Excerpts from a dataset
──────────
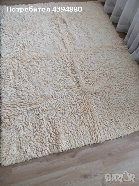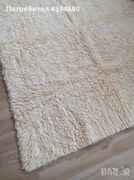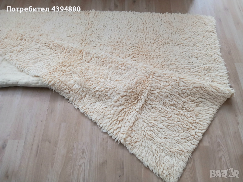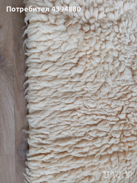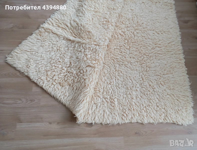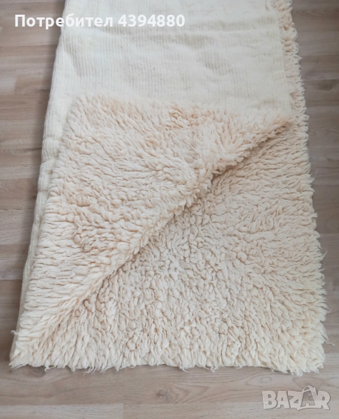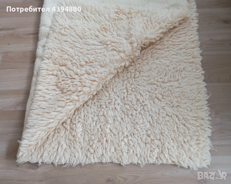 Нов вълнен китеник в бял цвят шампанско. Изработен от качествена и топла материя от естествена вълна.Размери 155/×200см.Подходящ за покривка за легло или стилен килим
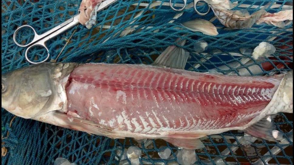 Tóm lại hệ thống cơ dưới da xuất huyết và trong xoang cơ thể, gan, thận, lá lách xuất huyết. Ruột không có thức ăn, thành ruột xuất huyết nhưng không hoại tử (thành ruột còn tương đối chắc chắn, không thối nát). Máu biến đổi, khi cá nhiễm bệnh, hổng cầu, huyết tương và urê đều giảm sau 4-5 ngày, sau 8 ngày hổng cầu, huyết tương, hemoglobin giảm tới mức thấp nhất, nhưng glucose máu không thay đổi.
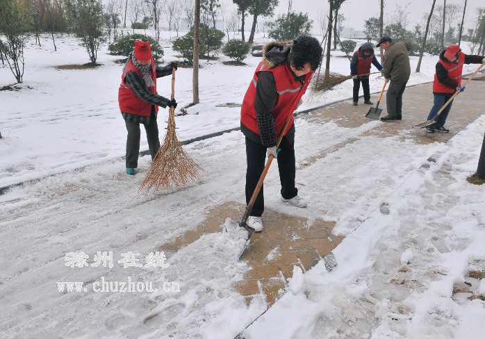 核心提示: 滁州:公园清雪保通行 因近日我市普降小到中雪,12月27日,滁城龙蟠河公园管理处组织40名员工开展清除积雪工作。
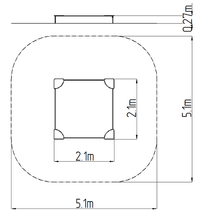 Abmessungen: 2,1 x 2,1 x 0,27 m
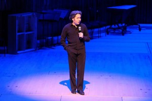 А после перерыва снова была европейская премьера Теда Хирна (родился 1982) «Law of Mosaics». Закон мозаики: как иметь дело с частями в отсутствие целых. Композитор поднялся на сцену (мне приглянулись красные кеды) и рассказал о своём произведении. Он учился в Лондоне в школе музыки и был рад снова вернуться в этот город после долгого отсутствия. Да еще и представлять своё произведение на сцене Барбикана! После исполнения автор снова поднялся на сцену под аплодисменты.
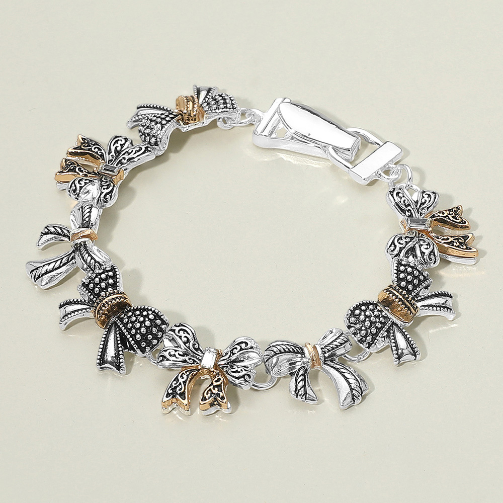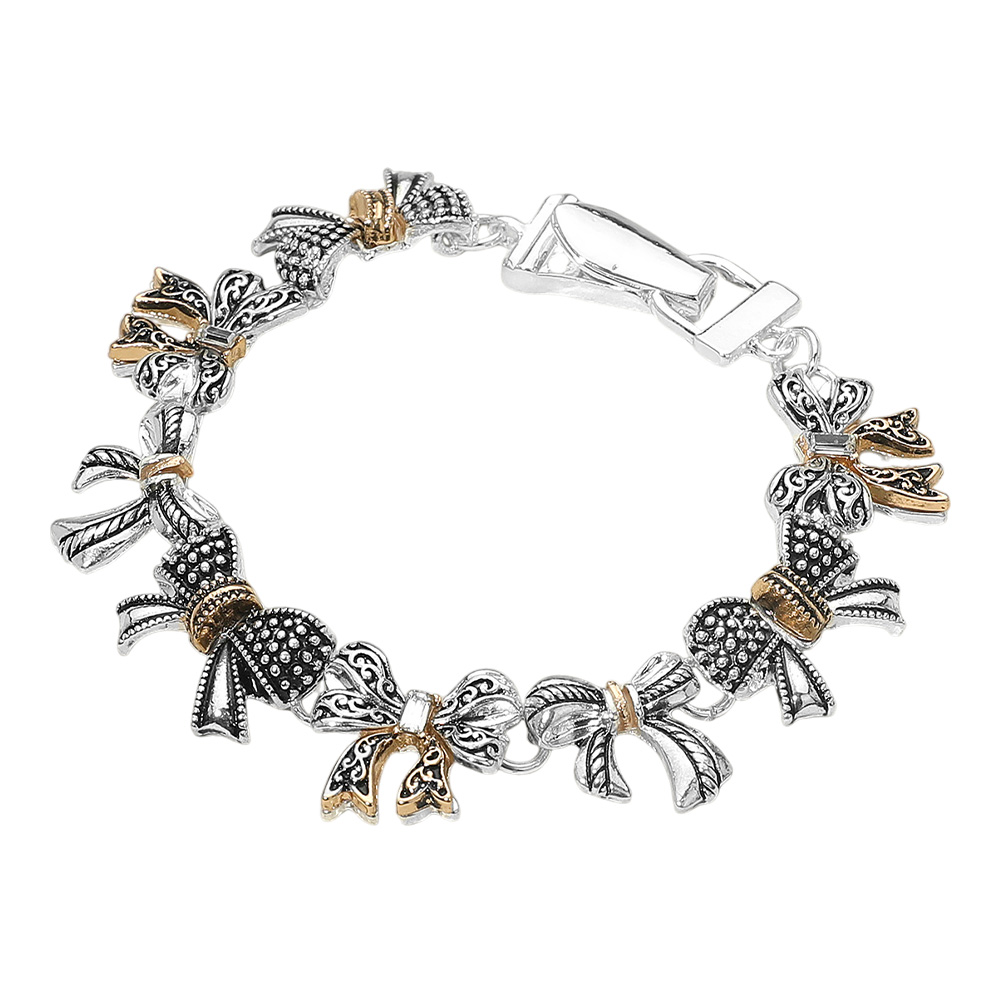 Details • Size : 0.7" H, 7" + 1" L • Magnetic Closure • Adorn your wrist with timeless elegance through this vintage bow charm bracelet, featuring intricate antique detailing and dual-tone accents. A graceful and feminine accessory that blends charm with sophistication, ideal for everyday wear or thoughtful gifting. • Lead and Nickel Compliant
──────────
▶ _TRY IT_: Skip the pictures and retype exactly the lines from the one that contains "А после перерыва" to the last line of the records.

▶ _FINISHED TASK_:
 А после перерыва снова была европейская премьера Теда Хирна (родился 1982) «Law of Mosaics». Закон мозаики: как иметь дело с частями в отсутствие целых. Композитор поднялся на сцену (мне приглянулись красные кеды) и рассказал о своём произведении. Он учился в Лондоне в школе музыки и был рад снова вернуться в этот город после долгого отсутствия. Да еще и представлять своё произведение на сцене Барбикана! После исполнения автор снова поднялся на сцену под аплодисменты.
 Details • Size : 0.7" H, 7" + 1" L • Magnetic Closure • Adorn your wrist with timeless elegance through this vintage bow charm bracelet, featuring intricate antique detailing and dual-tone accents. A graceful and feminine accessory that blends charm with sophistication, ideal for everyday wear or thoughtful gifting. • Lead and Nickel Compliant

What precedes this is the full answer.